- Born: 2 April 1928 Randfontein, South Africa
- Died: 16 September 2004 (aged 76)
- Occupations: Singer, actress
- Years active: 1949-2003

= Dolly Rathebe =

Dolly Rathebe (OIS) (2 April 1928 - 16 September 2004) was a South African musician and actress who performed with the Elite Swingsters jazz band, and in Alf Herbert's African Jazz and Variety Show.

Rathebe died on 16 September 2004 from a stroke.

==Music career==

Rathebe was born in Randfontein, South Africa but grew up in Sophiatown, which she describes as having been "a wonderful place". She was discovered around 1948 after singing at a picnic in Johannesburg. A talent scout from Gallo approached her and it was not long before she became a star.

Rathebe rose to fame in 1949, aged 21, when she appeared as a nightclub singer in the British-produced movie Jim Comes To Jo'burg - the first film to portray urban Africans in a positive light. During a photo-shoot for Drum magazine at a mine dump, Rathebe and the white photographer, Jürgen Schadeberg, were arrested under the Immorality Act, which forbade interracial relationships.

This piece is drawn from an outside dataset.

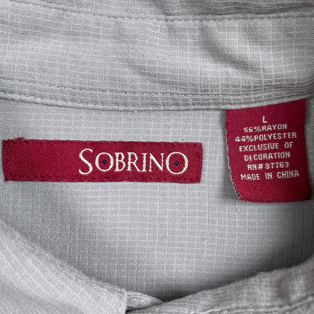 ■SOBRINO 半袖シャツ メキシカンシャツ メンズL 古着 アメカジ 切り替えデザイン 灰色 白色【半袖シャツ】/グレー

When Alf Herbert's African Jazz and Variety show opened in 1954, Rathebe appeared and stayed as Herbert's main attraction for many years. She became an international star when she sang with the Afro jazz group, the Elite Swingsters, in 1964.

After Sophiatown was flattened by the Apartheid government in the late 1950s and early 1960s, Rathebe found it more and more difficult to perform, especially after an 8 p.m. curfew was imposed. She moved with her family to Cape Town township and, to survive, ran a shebeen for many years.

In 1989, Rathebe re-united with the Elite Swingsters to perform in a film that was set in 1950s Johannesburg. The group stayed together, issuing a new album, Woza, in 1991. This was followed by two more albums, A Call for Peace (1995) and Siya Gida/We Dance (1997).

In 2001, Rathebe received the Lifetime Achievement Award at the South African Music Awards.

In 2003, at the age of 75, Rathebe appeared in a Johannesburg show Sof'Town, A Celebration!, where she sang "Randfontein", the story of a drunk miner returning home to find his wife in bed with another man, who is then beaten and chased out.

==Community work==
In her latter years Rathebe was a leading light in Pretoria's Ikageng Women's League. She funded the construction of a multi-purpose hall at Sofasonke village near Klipgat, north of Pretoria. The hall is named "Meriting kwaDolly", which means "Dolly's Retreat".

In 2004, Rathebe was awarded the South African Order of Ikhamanga in Silver for her "excellent contribution to music and the performing arts and commitment to the ideals of justice, freedom and democracy".